New Zealand’s warning to world after devastating cyclone: ‘It will get worse’

As Australia cracks down on climate protesters, New Zealand warns the world must stop making excuses for inaction.

In the wake of Cyclone Gabrielle, New Zealand’s climate change minister is both ‘‘sad and angry” about the “lost decades” of global inaction to cut emissions.

The extent of destruction caused by Cyclone Gabrielle is still unknown, with some areas disconnected by phone and road. Rescue crews searching for missing people have recovered a body after a landslide brought down a house in Muriwai, west of Auckland, while two other bodies were recovered in the Hawke's Bay area. Over 10,500 individuals have been displaced and hundreds of people have been rescued from rooftops.

Animal lovers clambered to help rescue a horse seen stranded on top of a building in flooded Hawke's Bay, but the animal was later found dead. "I can't stop crying," one person wrote after the story was shared to social media on Tuesday.

Left - an aerial shot of a horse on a roof with a red circle around it. Right - a person carrying a sheep through flood waters.
A horse died on the roof of a building and sheep were rescued after Cyclone Gabrielle struck New Zealand. Source: New Zealand Equestrian Scene/1 News

Elsewhere in Hawke's Bay, sheep were rescued by passing Good Samaritans who saw a flock of around 150 dying in the corner of a paddock.

Climate change minister says excuses for inaction must stop

Speaking passionately to parliament, climate change minister James Shaw said the impacts of climate change are “here now”. “If we do not act, it will get worse,” he warned.

Left - three people walking down a path that's been impacted by the storms. Cut tree limbs can be seen to the right. Right - clifftop houses in New Zealand.
The extent of damage caused by Cyclone Gabrielle is still unknown.

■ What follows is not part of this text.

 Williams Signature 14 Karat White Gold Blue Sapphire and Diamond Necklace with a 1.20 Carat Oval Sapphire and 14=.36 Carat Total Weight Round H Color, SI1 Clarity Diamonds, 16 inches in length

Source: Getty/Reuters

“The severity of it, of course, made worse by the fact that our global temperatures have already increased by 1.1 degrees. We need to stop making excuses for inaction,” he added.

New Zealand declares now is the time to talk about the climate crisis

While the situation is continuing to evolve, Mr Shaw said it was not the time to shy away from talking about climate change.

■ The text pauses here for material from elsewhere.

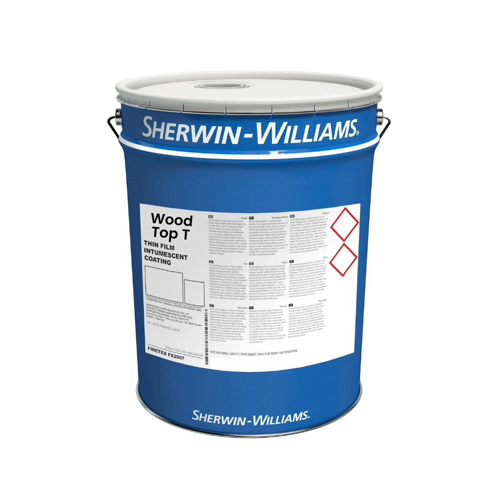 Wässrige, transparente Brandschutzbeschichtung für Holz.

“There will be people who say, you know — just as the National Rifle Association in the United States does about shootings over there it's 'too soon' to talk about these things, but we are standing in it right now. This is a climate change-related event,” he said.

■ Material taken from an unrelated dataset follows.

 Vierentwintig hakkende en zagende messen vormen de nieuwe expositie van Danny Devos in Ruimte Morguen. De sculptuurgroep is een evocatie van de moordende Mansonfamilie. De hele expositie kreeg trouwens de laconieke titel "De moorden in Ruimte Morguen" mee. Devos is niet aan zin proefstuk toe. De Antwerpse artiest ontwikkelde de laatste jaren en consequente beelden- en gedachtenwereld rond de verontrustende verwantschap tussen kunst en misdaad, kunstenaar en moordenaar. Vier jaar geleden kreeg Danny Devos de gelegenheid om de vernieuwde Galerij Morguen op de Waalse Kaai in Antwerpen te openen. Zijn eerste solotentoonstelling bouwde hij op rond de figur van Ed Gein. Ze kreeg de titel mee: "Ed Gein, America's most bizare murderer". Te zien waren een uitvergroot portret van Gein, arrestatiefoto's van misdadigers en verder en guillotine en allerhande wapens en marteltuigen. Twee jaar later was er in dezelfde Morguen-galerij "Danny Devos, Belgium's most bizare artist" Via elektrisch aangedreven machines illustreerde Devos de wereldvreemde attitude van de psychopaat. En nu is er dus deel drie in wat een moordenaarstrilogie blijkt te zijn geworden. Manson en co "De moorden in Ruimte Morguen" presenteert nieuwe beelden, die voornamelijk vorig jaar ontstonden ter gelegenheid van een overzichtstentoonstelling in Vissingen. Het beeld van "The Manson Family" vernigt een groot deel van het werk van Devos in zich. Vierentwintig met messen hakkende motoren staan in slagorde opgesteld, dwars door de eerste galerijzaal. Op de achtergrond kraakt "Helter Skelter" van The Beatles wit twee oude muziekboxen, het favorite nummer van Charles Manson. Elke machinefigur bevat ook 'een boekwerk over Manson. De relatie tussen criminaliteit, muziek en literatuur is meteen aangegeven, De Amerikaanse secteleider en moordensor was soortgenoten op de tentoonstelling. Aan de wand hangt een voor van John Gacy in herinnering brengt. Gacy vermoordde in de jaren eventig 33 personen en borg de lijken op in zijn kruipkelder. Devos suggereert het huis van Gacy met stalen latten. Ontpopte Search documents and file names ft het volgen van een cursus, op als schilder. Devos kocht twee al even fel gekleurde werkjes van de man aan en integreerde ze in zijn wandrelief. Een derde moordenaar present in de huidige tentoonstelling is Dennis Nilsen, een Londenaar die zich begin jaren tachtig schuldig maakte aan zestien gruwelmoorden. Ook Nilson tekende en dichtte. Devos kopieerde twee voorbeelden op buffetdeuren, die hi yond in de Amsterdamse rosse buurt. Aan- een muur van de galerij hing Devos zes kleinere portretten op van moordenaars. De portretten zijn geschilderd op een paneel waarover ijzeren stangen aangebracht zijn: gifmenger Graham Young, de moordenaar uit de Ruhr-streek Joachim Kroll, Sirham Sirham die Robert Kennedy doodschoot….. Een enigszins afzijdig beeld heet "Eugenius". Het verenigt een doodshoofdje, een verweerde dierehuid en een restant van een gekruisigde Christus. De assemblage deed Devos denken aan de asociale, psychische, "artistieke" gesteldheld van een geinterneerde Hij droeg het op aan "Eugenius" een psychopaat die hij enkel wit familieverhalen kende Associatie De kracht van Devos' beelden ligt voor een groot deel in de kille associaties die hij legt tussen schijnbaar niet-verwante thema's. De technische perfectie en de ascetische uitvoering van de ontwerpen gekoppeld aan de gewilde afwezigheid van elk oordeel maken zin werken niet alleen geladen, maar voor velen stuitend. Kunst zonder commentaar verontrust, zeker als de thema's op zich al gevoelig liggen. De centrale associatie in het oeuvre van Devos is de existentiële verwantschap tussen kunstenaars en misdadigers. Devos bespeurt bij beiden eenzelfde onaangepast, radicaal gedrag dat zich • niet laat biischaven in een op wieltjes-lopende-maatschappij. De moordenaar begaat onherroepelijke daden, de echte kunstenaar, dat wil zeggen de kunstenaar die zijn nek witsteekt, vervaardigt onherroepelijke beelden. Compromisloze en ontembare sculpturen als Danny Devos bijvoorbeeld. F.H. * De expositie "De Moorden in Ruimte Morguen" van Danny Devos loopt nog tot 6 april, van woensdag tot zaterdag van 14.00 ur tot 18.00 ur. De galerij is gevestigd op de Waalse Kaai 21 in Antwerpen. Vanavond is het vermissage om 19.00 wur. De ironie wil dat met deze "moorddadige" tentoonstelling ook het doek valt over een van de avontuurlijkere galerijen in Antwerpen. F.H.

His speech is the polar opposite to responses from Australia’s leaders during the 2019/2020 Black Summer bushfires.

As the nation burned, politicians including then Nationals leader Michael McCormack and NSW Premier Gladys Berejiklian dismissed the need to talk about climate change, while NSW Deputy Premier John Barilaro was even more forthright, adding that anyone who raised the subject during the catastrophe was a “bloody disgrace”.

Since Black Summer, natural disasters have occurred more frequently and have become more severe, because of climate change, and scientists have had to create new terminology to describe these events.

Australia works to silence climate protesters

The United Nations has repeatedly warned rich countries to stop investing in new oil, gas and coal projects. Despite this Australia has continued to back new fossil fuel projects, including Santos’s Narrabri gas project and Woodside’s expansion on the Burrup Peninsula.

As protests grow, Australian state governments have increased penalties to stop activists taking action against the fossil fuel and logging industries.

A police officer in Sydney shouting at protesters and looking aggressive.
State governments have cracked down on protesters. Source: AAP

Legislation backed by both the NSW government and Labor allows courts to hit non-violent protesters with fines of $22,000 and two years in prison. Victoria’s Labor government increased penalties to stop peaceful anti-logging action, and Tasmania’s Liberals appear determined to do the same.

While the nation has committed to stronger carbon emissions targets under Labor, many Pacific leaders remain concerned for their future as the sea level rises because of climate change.